Didier Fassin, born in 1955, is a French anthropologist and sociologist. He is the James D. Wolfensohn Professor of Social Science at the Institute for Advanced Study at Princeton University and holds a Direction of Studies in Political and Moral Anthropology at the École des Hautes Études en Sciences Sociales in Paris. He has been appointed to the Chair of Public Health at the Collège de France. Fassin was elected to the American Philosophical Society in 2022.

Career 
Initially trained as a physician in Paris, Fassin practiced internal medicine as an infectious disease specialist at the Hospital Pitié-Salpétrière and taught public health at the Universite Pierre et Marie Curie (present day Sorbonne University). He has been the physician of the Home for the Dying in Calcutta and the initiator of a national program of prevention of rheumatic heart disease in Tunisia where it was the first cause of death among young adults.  Later shifting to the social sciences, he received his M.A. from the University of Paris, and his PhD from the École des Hautes Études en Sciences Sociales, writing his thesis on power relations and health inequalities in Senegal.

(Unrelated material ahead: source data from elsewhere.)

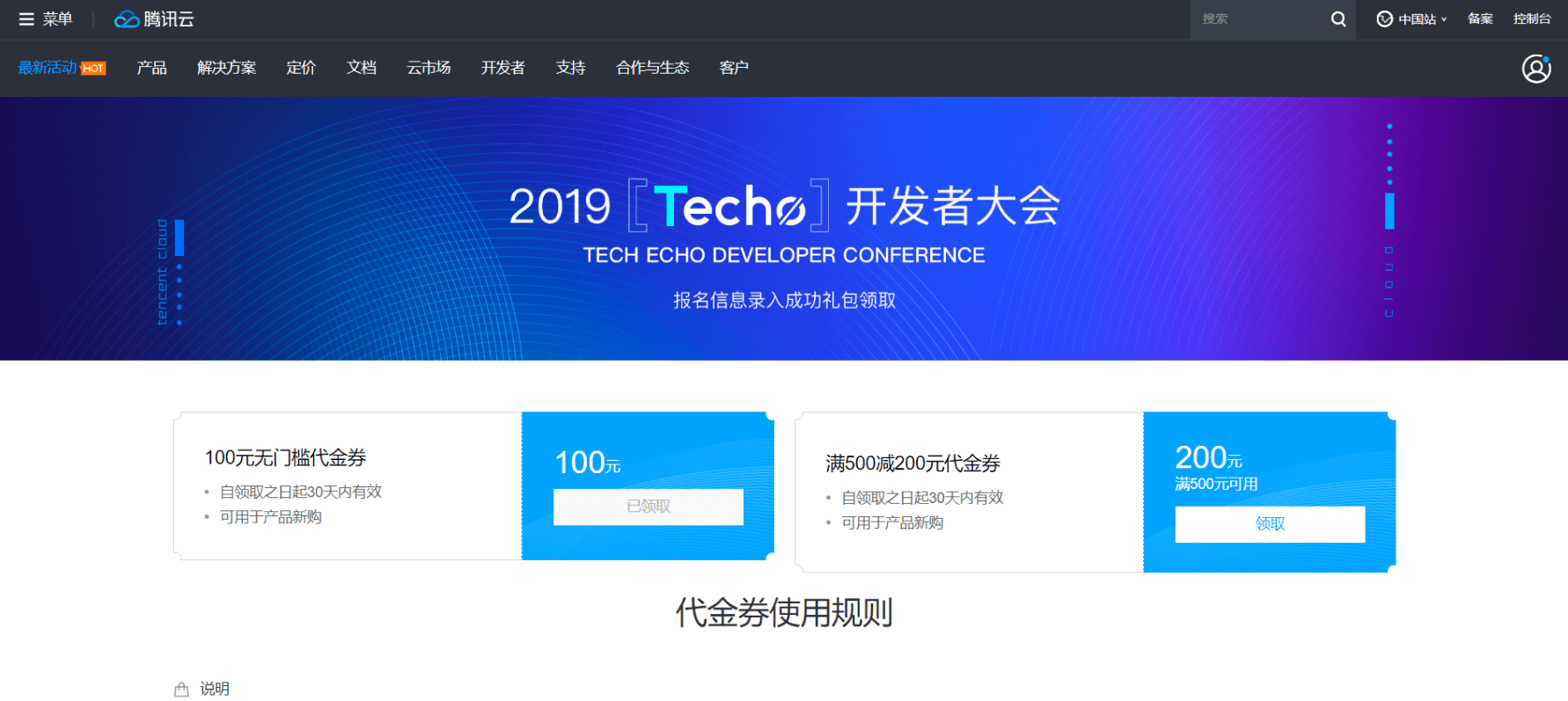直接领取链接:https://cloud.tencent.com/act/pro/Techodeveloper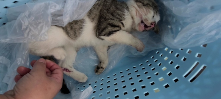 野良猫と聞いていたのですが、事故の衝撃でまだ意識がもうろうとしているのかおとなしく、体を見せてくれました。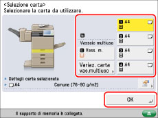 Per maggiori informazioni sui tipi di carta, vedere "Carta/supporti utilizzabili".

After having been granted a fellowship by the French Institute for Andean Studies to investigate maternal mortality and living conditions among Indian women in Ecuador, Fassin became professor of sociology in 1991 at the University of Paris North. There, he created Cresp, the Center for Research on Social and Health Issues, working on public health problems such as the history of child lead poisoning in France and the politics of Aids in Sub-Saharan Africa.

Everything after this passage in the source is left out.